And in regard to the state pension itself, many of the suggestions made in the Cridland report have been left in the air. These include his recommendation for a mandatory mid-life career review, a suggestion that the triple-lock be scrapped and a rejection of any sort of early retirement option.

Apart from agreeing to the main recommendation to bring forward the proposed increase in the state pension age to 68, the Government’s view and intended action (if any) on the rest of the report remains unknown.

Pensions tax relief is yet another area where you feel the Government wants – and perhaps needs – to make changes to cut back on hefty public expenditure but is reluctant to act.

A single flat-rate of relief is something they have flirted with in the past but now seem paralysed from pursuing as it would involve the abolition of higher rate tax relief and, again, might be seen as an attack on their traditional supporters.

Although a cash-strapped chancellor may want to reduce the hefty £35bn a year spent on contribution tax relief in his forthcoming Budget, he is more likely to be disposed to leave the rate of relief alone and implement further reductions in the annual and lifetime allowances instead. Not a desirable or sensible thing to do but something we may have to live with.

We are clearly in a bit of a limbo state at the moment and there is much uncertainty surrounding the future of pensions and how they might develop in the years ahead.

Grasping nettles or, if you prefer, taking the bull by the horns, are certainly not approaches likely to be adopted by a minority Conservative Government intent on clinging to power at all costs while trying to find a path through the myriad challenges of Brexit.
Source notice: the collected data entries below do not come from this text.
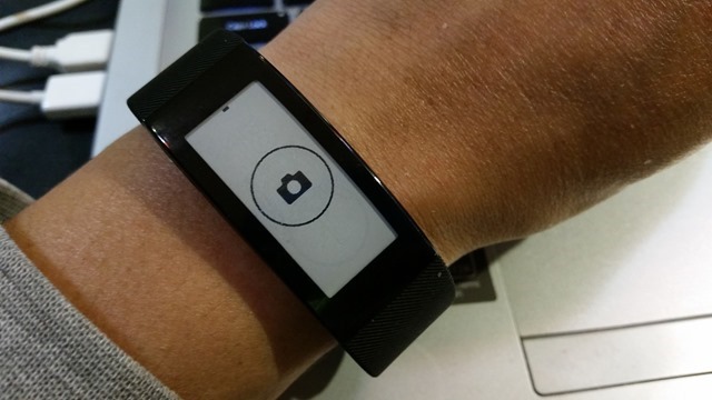 按壓手環螢幕之後,手機上的Smart Camera拍照介面就會出現,接下來再按壓手環螢幕,就會拍照了。
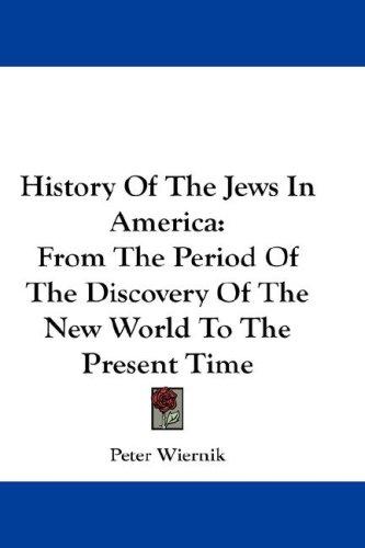 Peter Wiernik was an influential Yiddish journalist in Chicago after immigrating from Vilna when he was twenty. He also wrote in Hebrew and English. In this great work he traces the history of the Jewish people in the Americas from the earliest days of exploration to the beginning of the twentieth century. This book is divided into seven parts: I. The Spanish and Portuguese Period, II. The Dutch and English Colonial Period, III. The Revolution and the Period of Expansion, IV. The Second or German Period of Immigration, V. The Civil War and the Formative Period, VI. The Third or Russian Period of Immigration, VII. The Twentieth Century - Present Conditions. - Summary by Larry Wilson
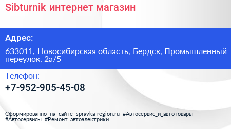 Sibturnik, интернет-магазин по адресу 633011, Новосибирская область, Бердск, Промышленный переулок, 2а/5 в дальнейшем Организация, размещена в следующих категориях:
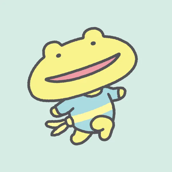 スキップをしながら近づいてくるなぞのカエル。みんなのダンスの先生。
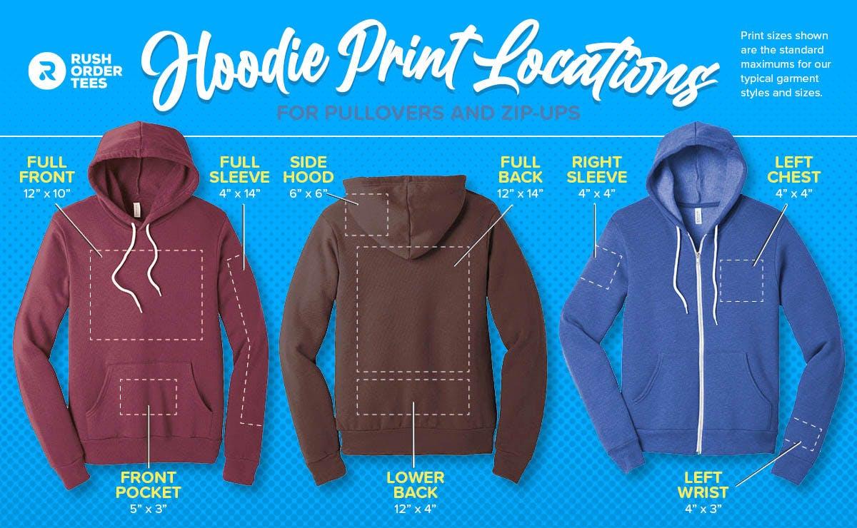This versatile garment has a variety of possible print locations and customizing methods, but it comes with some restrictions. For example, printing on the front of pullovers is limited by the front pocket (if it has one), and printing on the front of zip-ups is limited by the zipper.
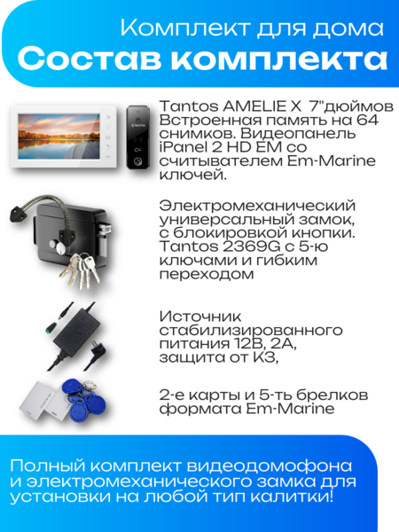 Комплект видеодомофона с вызывной панелью и электромеханическим замком - один из самых популярных на российском рынке. Он обладает современным дизайном, большим экраном диагональю 7”, управляется удобными сенсорными кнопками и позволяет осуществлять качественную голосовую и видеосвязь. Монитор имеет встроенный блок питания, что существенно упрощает подключение устройства. Монитор имеет встроенную память на 64 фото. Белый корпус отлично подойдет для большинства жилых и офисных помещений и впишется в интерьер. Вызывная панель антивандальная формата AHD 1080p (720p/CVBS (PAL)). В комплекте замок электромеханический, накладной, универсальный, с блокировкой кнопки, блок питания и гибкий переход.Стандартная четырех проводная схема подключения.Монитор Tantos Amelie X
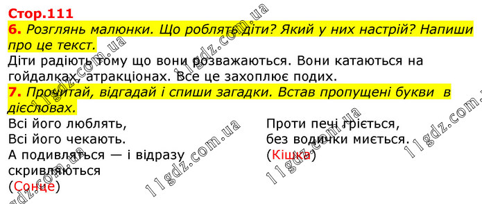 6. Розглянь малюнки. Що роблять діти? Який у них настрій? Напиши про це текст. Діти радіють тому що вони розважаються. Вони катаються на гойдалках, атракціонах. Все це захоплює подих. 7. Прочитай, відгадай і спиши загадки. Встав пропущені букви в дієсловах. Всі його люблять, Всі його чекають. А подивляться — і відразу скривляються (Сонце) Проти печі гріється, без водички миється. (Кішка)
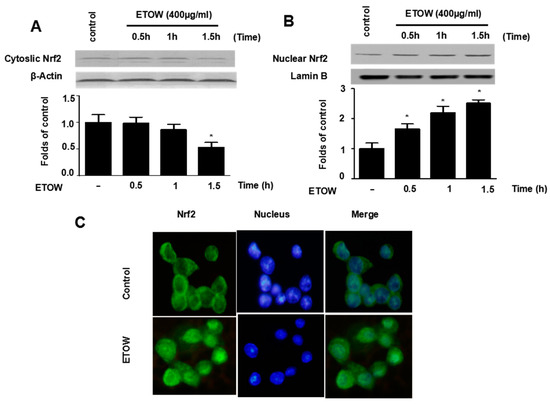 3.5. Effects of ETOW on Nrf2 Translocation in HT22 Cells
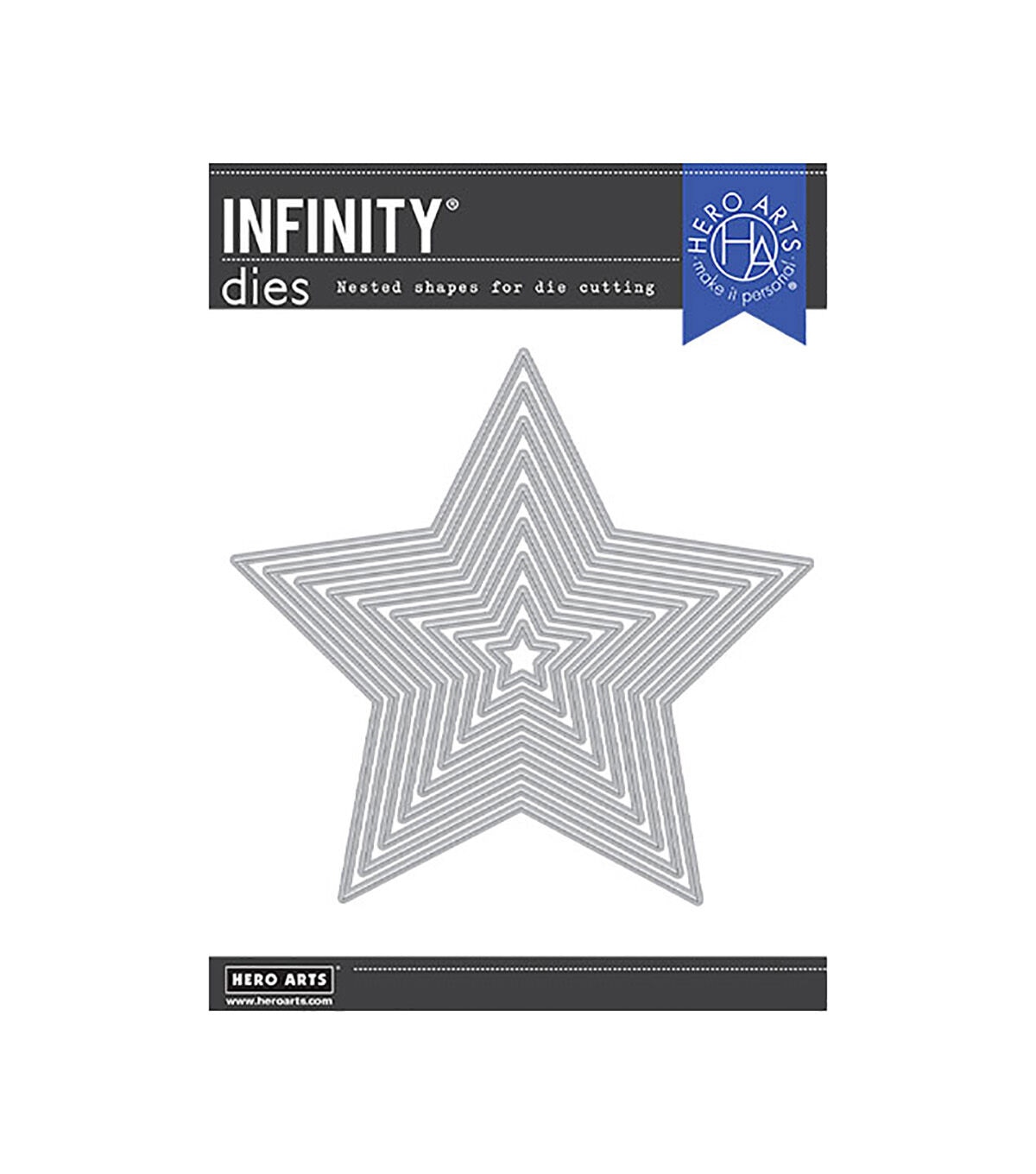 This set of Infinity Dies contains nine star dies in all, ranging from 0.5" x 0.5" to 4.5" x 4.275". Use with cardstock, felt, and more! Hero Arts Infinity Dies offer a generous variety of sizes around a specific cutting theme. Nesting die sets allow you to add architectural form and tidy framing to your cardmaking, stamping projects, and more. Universally compatible, they are engineered from solid metal construction with a sharp and durable cutting edge.
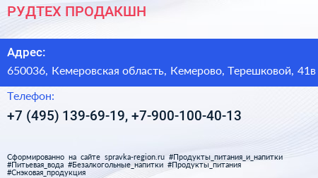 РУДТЕХ ПРОДАКШН по адресу 650036, Кемеровская область, Кемерово, Терешковой, 41в в дальнейшем Организация, размещена в следующих категориях:
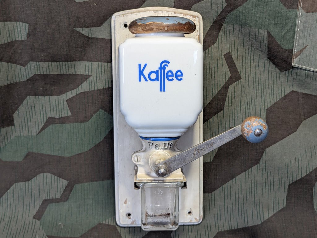 Nice vintage German kitchen wall mounted kaffeemühle coffee grinder in usable condition. There is some wear to the painted parts. Made by Pe De. It probably should get a bit of a cleaning, but it is in generally rather good condition. The rubber gasket material is missing from the lid, so it only loosely sits on top. This doesn't effect its function and isn't really all that noticeable in general. The wood cap is the original one to this grinder, but the paint has largely chipped off. Overall this is a very nice example which is not overly ornate, it derives its beauty from its form without excessive decoration which I often find on these. If I didn't already have a similar one in my kitchen, I would probably be keeping this one.
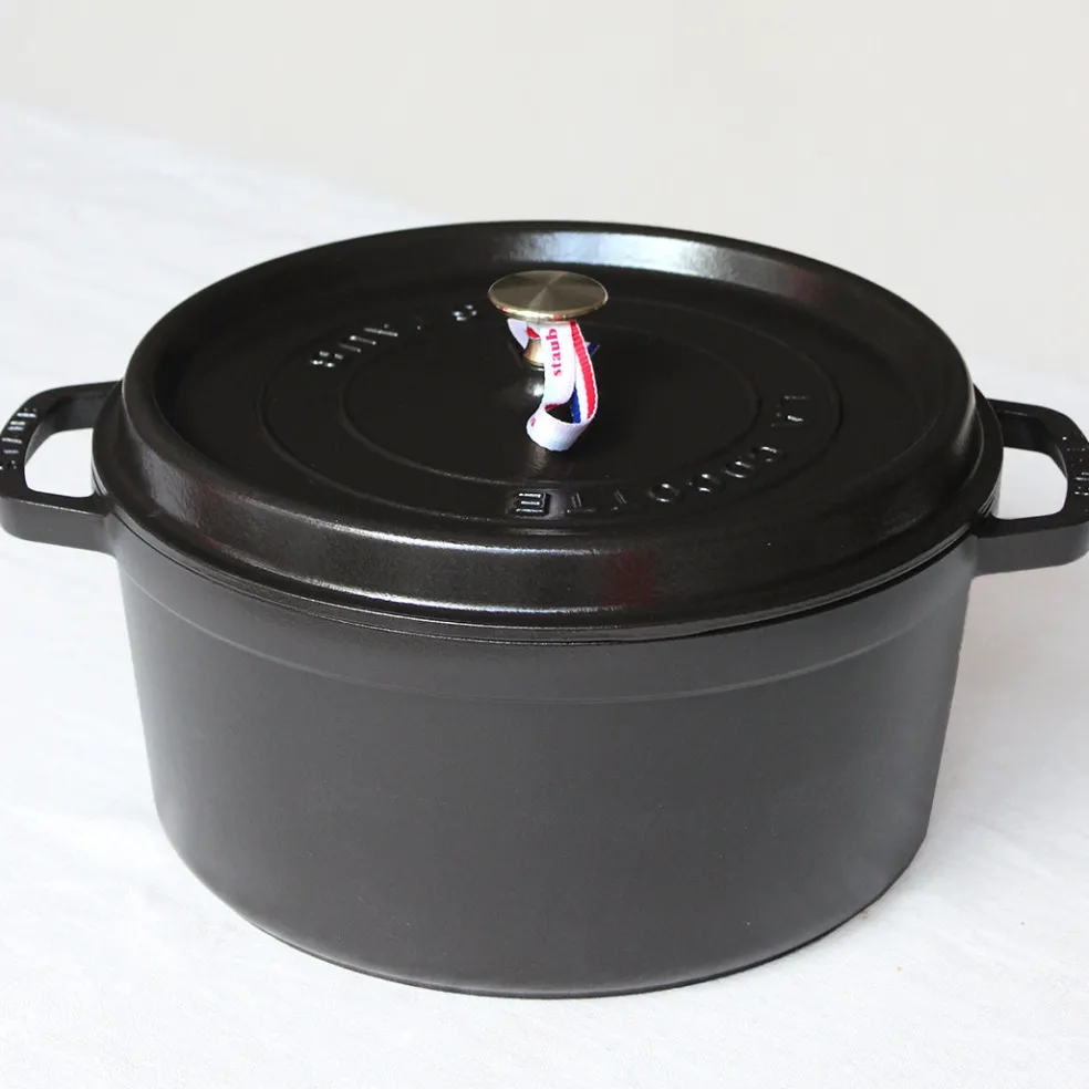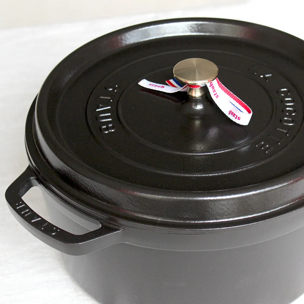 La traditionnelle cocotte en fonte noire, ici dans un format rond, qui permet une cuisson douce d’une grande variété de plats mijotés. Son couvercle innovant à picots permet de retenir l’humidité et de répartir la condensation de manière homogène afin d’arroser parfaitement vos préparations en cours de cuisson. L’intérieur émaillé noir résiste aux rayures mais surtout est idéal pour saisir et rôtir certains légumes et pièces de viandes. Compatible avec tous les types de feux (gaz, électrique, vitrocéramique et induction) mais également avec une cuisson au four ( jusqu’à 200°). Un incontournable de la cuisine française à adopter pour la vie.
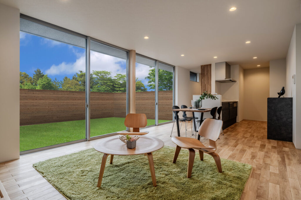 LDKの大開口部から、外の景色と光を取り込むリビング空間。
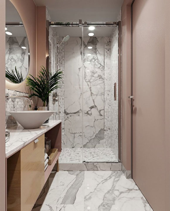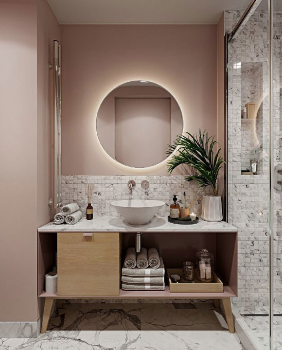 色彩搭配一直都是家庭装修设计的灵魂,比案中大面积使用粉灰色,营造出的家居氛围显得特别温暖,将北欧风的舒适与惬意进行更好的诠释。进门处的过道,地面采用纹理感很强的白色瓷砖来装饰,墙面刷上粉色加灰色调配出来的颜色,让人一进门就能感受与众不同的家居氛围。墙面的挂钩、圆镜,地面上摆放的半人高鞋柜,恰到好处的软装搭配简洁而时尚。
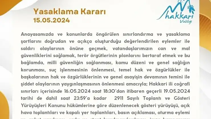 Hakkari Valiliği tarafından yapılan açıklamada, "Anayasamızda ve kanunlarda öngörülen sınırlandırma ve yasaklama şartlarını doğrudan ve açıkça oluşturduğu değerlendirilen eylemler ile saldırı olaylarının önüne geçmek, vatandaşlarımızın can ve mal güvenliklerini sağlamak, terör örgütlerinin planlarını bertaraf etmek ve bu meyanda milli güvenliğin sağlanması, kamu düzeni ve genel sağlığın korunması, suç işlenmesinin önlenmesi, temel hak ve özgürlükler ile başkalarının hak ve özgürlüklerinin ve genel asayişin devamının temini ile şiddet olaylarının yaygınlaşmasının önlenmesi amacıyla; Hakkari ili coğrafi sınırları içerisinde 16.05.2024 saat 18.30’dan itibaren geçerli 19.05.2024 tarihi de dahil saat 23.59’a kadar 2911 Sayılı Toplantı ve Gösteri Yürüyüşleri Kanunu hükümlerine göre düzenlenecek gösteri yürüyüşü, açık hava toplantıları ve kapalı yer toplantıları, basın açıklaması, oturma eylemi ve anket yapılması, çadır ve stant kurulması/açılması, imza kampanyası düzenlenmesi, bildiri, broşür ve el ilanı dağıtılması ve her türlü protesto eylemi şeklindeki faaliyetler 2911 Sayılı Toplantı ve Gösteri Yürüyüşleri Kanunu ve 5442 sayılı İl İdaresi Kanununun ilgili maddeleri doğrultusunda yasaklanmıştır" denildi.
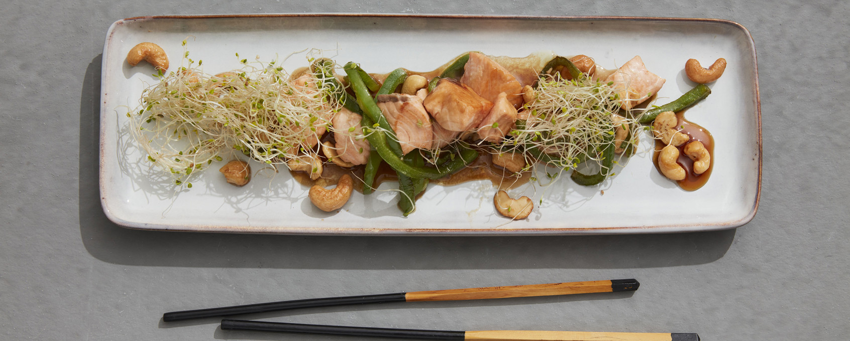 5. Server laksewok med paprika og cashewnøtter toppet med alfaspirer.
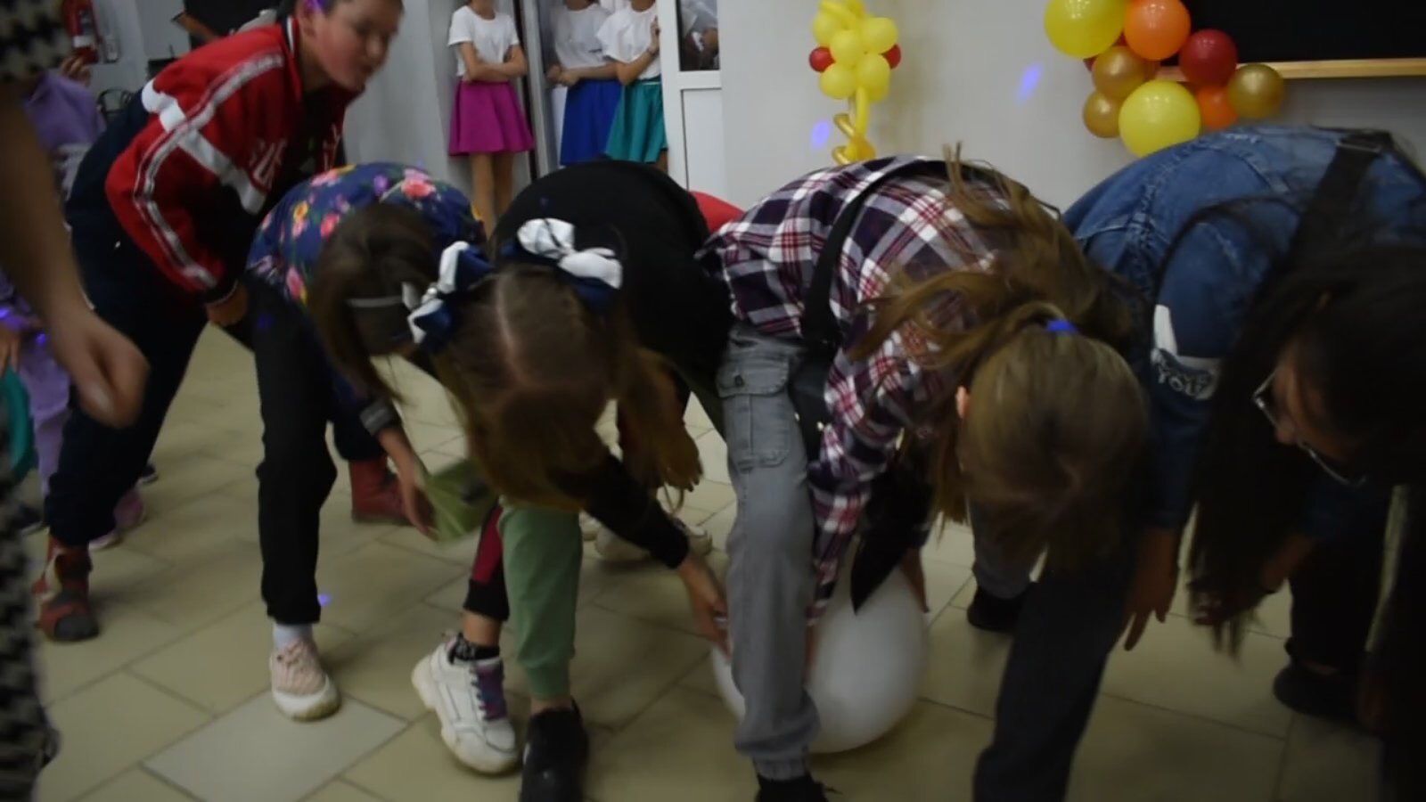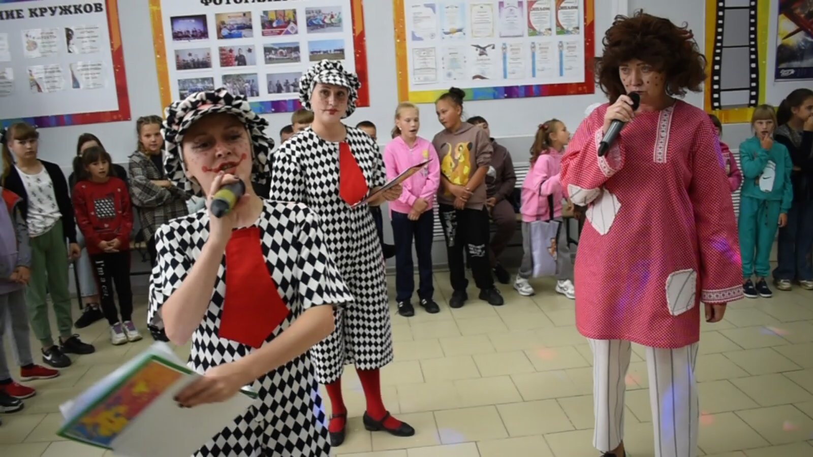 Большой зал, заполненный маленькими школьниками, громко встретил задорных, ярких клоунов, которые начали свое праздничное развлечение.

A resurgent Labour party, should they come to power, will have their own ideas and plans as to how to revitalise pension saving, but they too may get embroiled in Brexit and find that being in Government is rather more constraining than being in opposition.

As the dust settles on the party conferences, the next significant date in the political calendar is the autumn Budget on 22 November. Will that fill any of the current policy vacuum or at least give a firmer indication of the future direction of travel? Will pensions even feature at all? We shall have to wait and see.